Hispanic Heritage Month speaker recalls stories of past leaders

Written by Thomas Garrett, student writer 

Martha Villegas Miranda, a community and higher education activist, kicked off Hispanic Heritage Month at Grand Valley on September 15 by discussing past civil rights leaders and their legacies.

Miranda described herself as "an educator, a storyteller and an immigrant ally,” saying she came from a family of two immigrant parents. Miranda said Hispanic Heritage Month began in 1968 as a 10-day celebration under President Lyndon Johnson, and expanded to a month in 1988 under President Ronald Reagan.
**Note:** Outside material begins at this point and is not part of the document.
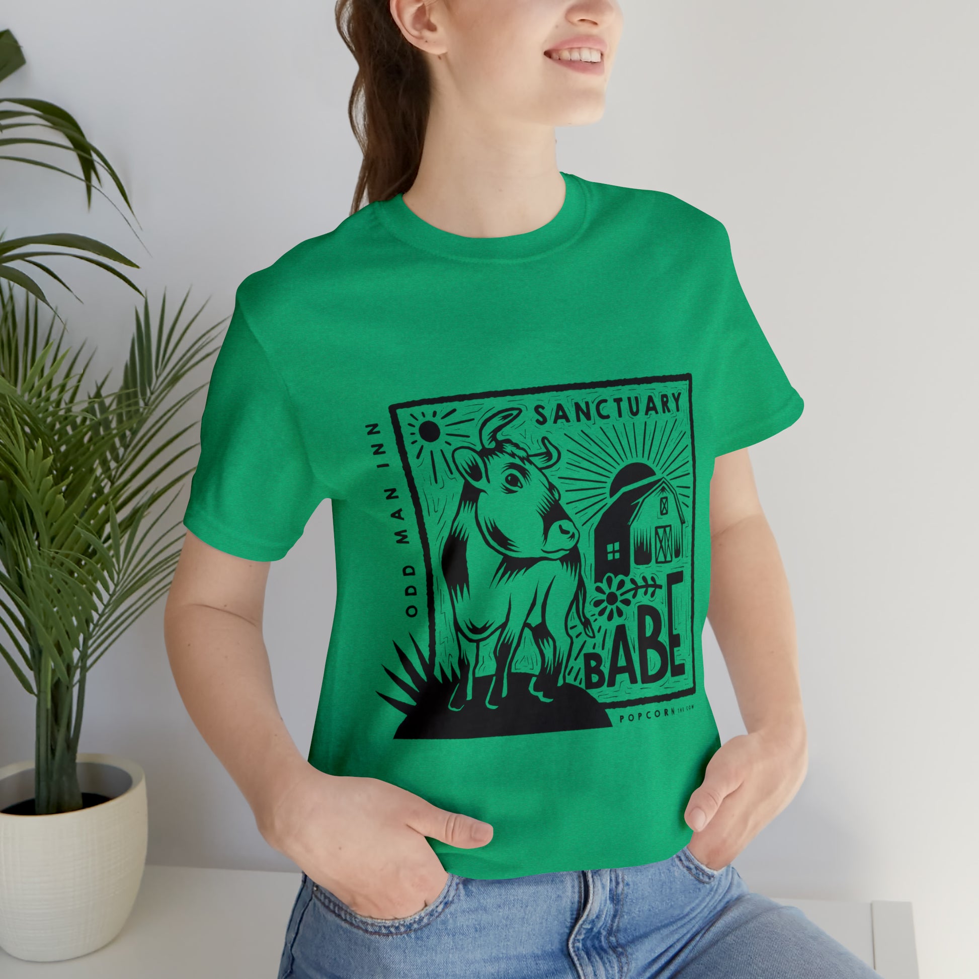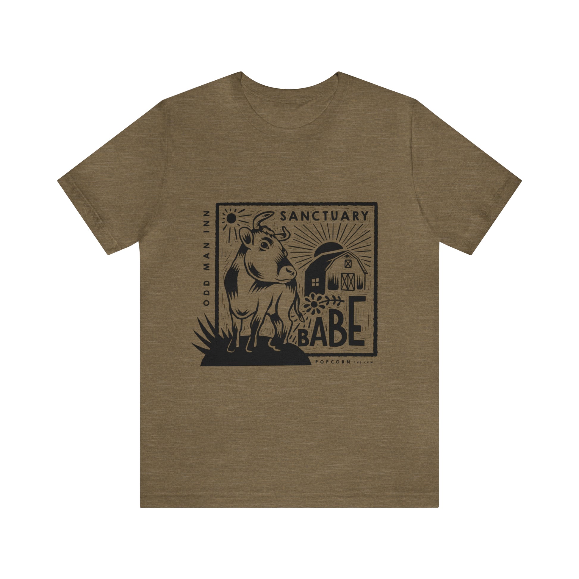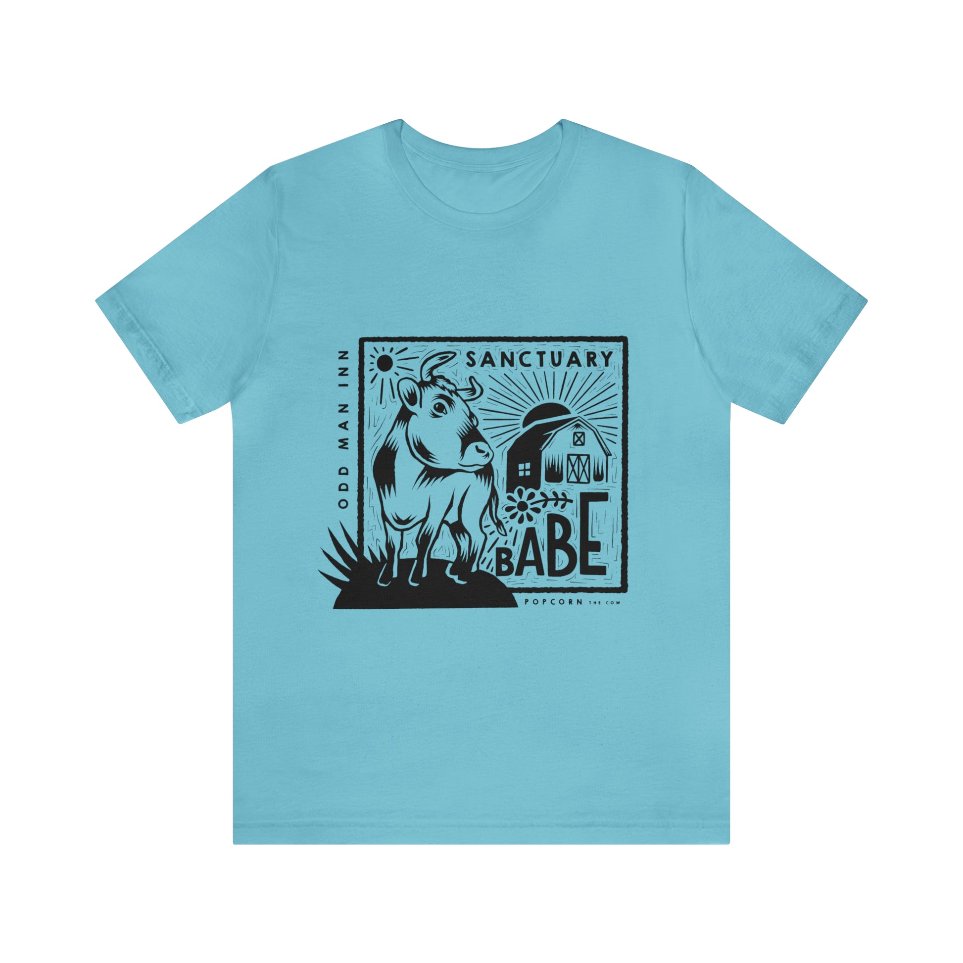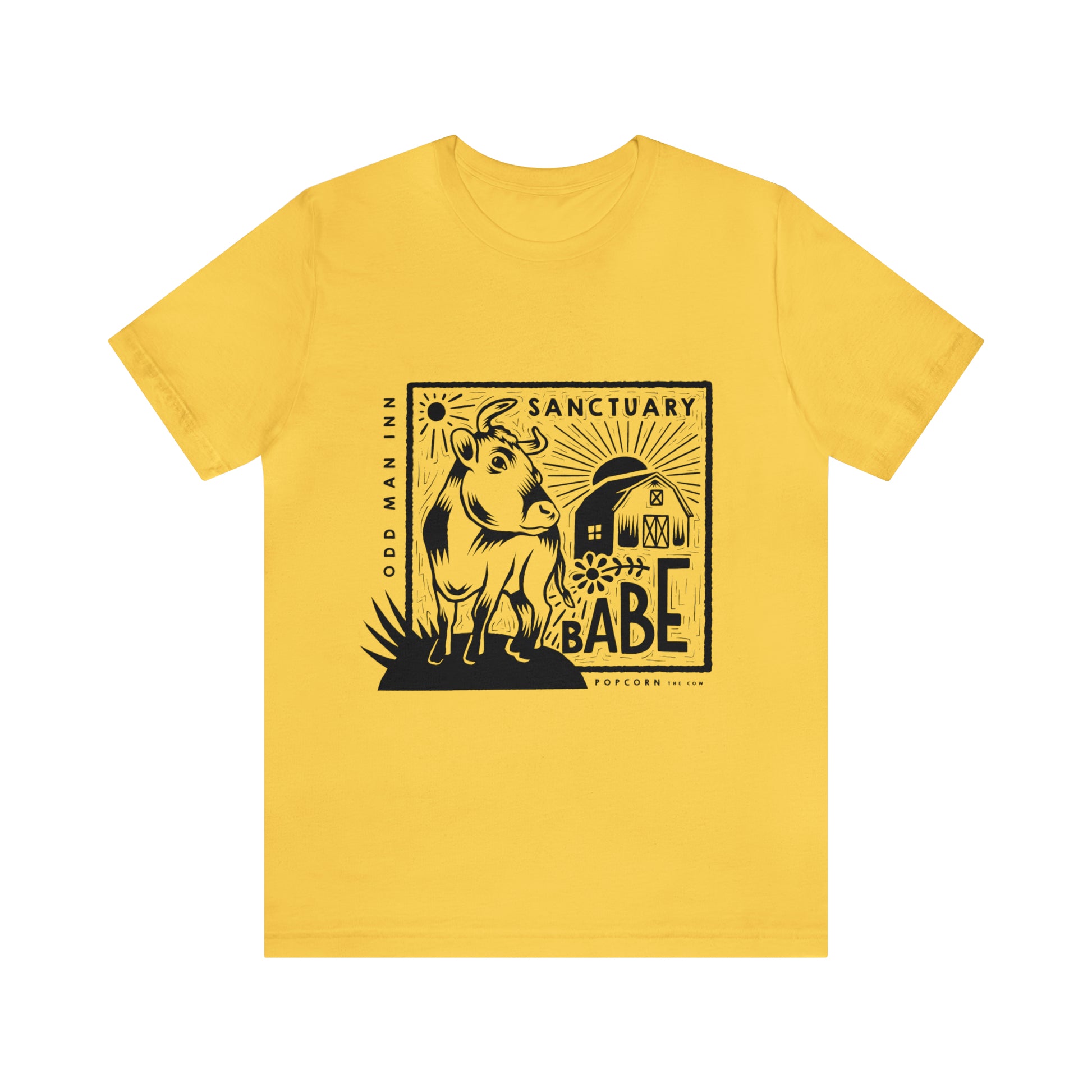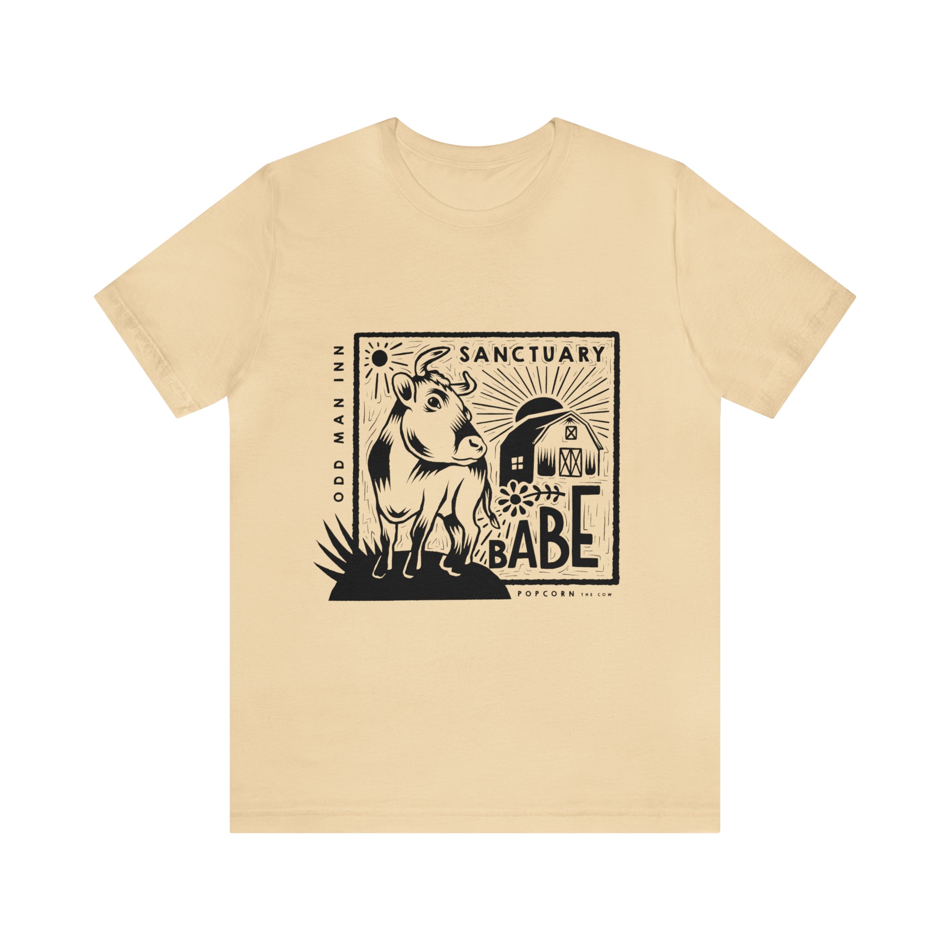 This classic unisex jersey short sleeve tee is designed to feel like a well-loved favorite. Made from soft cotton and an ideal choice for the summer, this tee displays original, commissioned artwork featuring Popcorn, created by Jade Strums, a talented vegan artist based in Portland, OR.

Martha Villegas Miranda wears a hat at the podium
Martha Villegas Miranda addresses an audience in the Kirkhof Center during a Hispanic Heritage Month presentation September 15.
Image credit - Lauren Seymour

It was that kind of historical storytelling that Miranda emphasized during her presentation, whether telling stories of César Chávez, labor leader, or Sylvia Mendez, civil rights activist. Miranda's passion for history, she said, came from those individuals, and others, who paved the way for people like her. 

“By highlighting the stories of Hispanic civil rights leaders, we can educate ourselves about the history that paved the way for us,” said Miranda, director of TRIO Talent Search at Broward College. She encouraged students to begin networking and getting involved on campus or in their local governments if they want to see change their communities. 

The next Hispanic Heritage Month event is a First Voice Generation Movie Screening on Thursday, September 21, in the Kirkhof Center, rooms 2215/2216, from 5-7 p.m. More information about this event and other Hispanic Heritage Month events can be found on the Office of Multicultural Affairs Website.

images of photos and a cross on an alter
Martha Villegas Miranda created an alter, including photos of her parents, prior to her presentation.